What happens when you get stuck?
If you’ve never been stuck in a mud hole that is deeper than your sills, its something I’d highly recommend you AVOID AT ALL COSTS! A while back, we got bogged in a water/mud hole out the back of Lake Jasper, and by the time we were pulled out, a fair amount of our carpet was wet. We were lucky though; the water was relatively clean, didn’t stink and didn’t wet any of the dashboard or our seats.
Still, it was a lot of work to pull the front seats out, lift the carpets, clean and dry them and put them all back down again. If you get bogged in a deep mud puddle, its not hard to write your vehicle off, especially if you have lots of electrics that once wet, seem to be impossible to fix.
Believe it or not, salt is very present in mud. Obviously, this depends on where you are 4WDing, but mud is not good for your panels, chassis or anything else metallic in your vehicle. If you leave it in there for long enough, it will start to cause rust, which is well known as cancer of the car; not something you want to have to deal with. You wouldn’t (I hope) Drive your 4WD through salt water, so avoid the mud that can do the same thing.
Mud in places you can’t wash out easily
No matter how many times and how many hours you spend under your car with the hose and a snorkeling mask on, you aren’t going to get all of the mud out. You might get most of it out, but there will always be mud somewhere; I’ve washed my car plenty of times many weeks after its been cleaned from mudding, and you still get the clay coming out.
Water in general in an engine bay doesn’t do your electrics any favours. This is especially the case if you have a petrol vehicle. If you manage to get truly stuck in a mud hole and get mud into sensitive electrics, you can be in for a world of pain trying to find the little electrical gremlins! Anywhere that water can get to, it will. Distributors, leads and computers are extremely susceptible to water damage.
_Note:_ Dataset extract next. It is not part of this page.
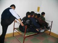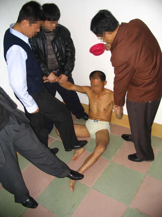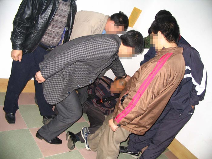 2001年2月6日,我被非法关進吉林市第一看守所001管区2号。十多平米的监室关着20多人,有好几个杀人犯已经成了变态狂,管教叫王仲让刑事犯叫我读诋毁大法的报纸;我不从,他们就打,然后把我扒光衣服抬進厕所,两大桶冰冷的凉水用小盆一点一点的浇在头芯上(图5),天气预报当天是零下42度。监室内水用光了,几个犯人把我象五马分尸一样,穿着鞋踩在脚上来回转,致使后来脚内侧溃疡,脚肿的象馒头。

Your alternator plays a very important role in your 4WD, by keeping the batteries charged. Mud and alternators though, are not a good mix. Many vehicles have the alternators in a location that easily cops a gut full of mud, and that’s all it takes to kill your alternator (or if you are lucky, make it not work but still able to be repaired).
This is probably the most expensive part of driving through mud. Mud is basically fine grit mixed in with water, which means it pretty well gets into anything and everything. It will chew out your seals and bearings, get into the alternator and water pump and anything it can, and wreck it.
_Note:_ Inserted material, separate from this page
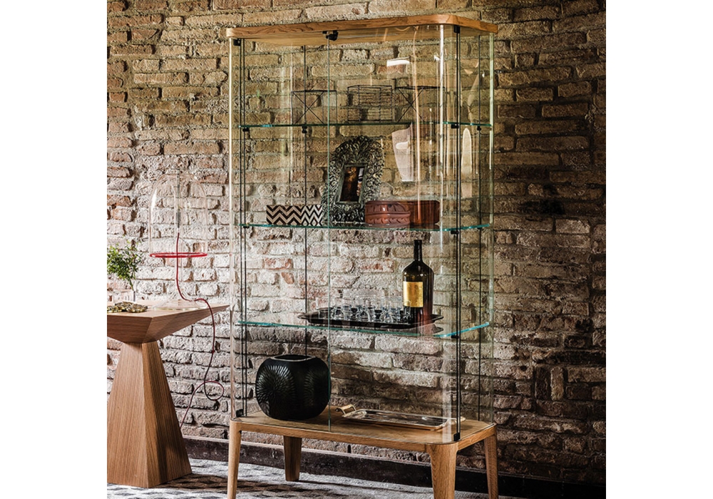 Chantal, von Angelo Tomaiuolo für Cattelan Italia entworfen, ist eine Vitrine mit Regalen aus transparentem, extra klarem Glas. Boden und Decke in Nussbaum Canaletto oder verbrannte Eiche. Mit LED-Licht. Verfügbar in 2 Abmessungen. Belastbarkeit: jeder Glasboden kg 6.

In the time I had our Hilux, I never once had a problem, and we took it through plenty of mud. I;m pretty sure the recent mud driving in our 80 killed the water pump though, and I’ve seen mud clog radiators up so bad the car overheats as soon as you get out of the mud hole.
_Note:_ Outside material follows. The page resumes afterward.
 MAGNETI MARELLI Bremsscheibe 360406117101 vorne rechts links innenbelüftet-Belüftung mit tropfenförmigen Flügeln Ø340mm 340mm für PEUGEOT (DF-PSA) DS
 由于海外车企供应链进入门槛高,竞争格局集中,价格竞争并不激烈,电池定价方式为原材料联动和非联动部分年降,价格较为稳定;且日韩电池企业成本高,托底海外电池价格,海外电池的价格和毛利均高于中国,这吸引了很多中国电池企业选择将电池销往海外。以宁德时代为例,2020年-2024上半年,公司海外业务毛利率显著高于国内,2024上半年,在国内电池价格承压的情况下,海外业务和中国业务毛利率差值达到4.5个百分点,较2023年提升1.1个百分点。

Mud is not friendly. Ask your mechanic how much they hate working on 4WD’s that have done a lot of mud driving. I make a special effort to clean the underneath of mine before I send it to the mechanics; there’s nothing worse than struggling underneath a vehicle, while you get bits of dried mud fall down your shirt and into your eyes!
Weigh it up!
I’m not for a second suggesting you never drive through any mud again. I think that’s unreasonable. However, I hope you are aware of the potential costs of getting mud everywhere on and in your 4WD. As a general rule, I wont go through anything that is over wheel height, and even more so if I know there’s a good chance of getting stuck.
If there is a way around a big mud run, I’ll usually take it. I prefer to use the money I could spend on replacing alternators getting away and exploring this magical country of ours.
I’m sorry if this post makes you sad; I know how much fun mud driving is. Still, I bet if you’ve done a lot of it you would know exactly how expensive it can be too!
What about you? Do you care about the damage mud can do to your car, or just plough straight through every mud run you can find?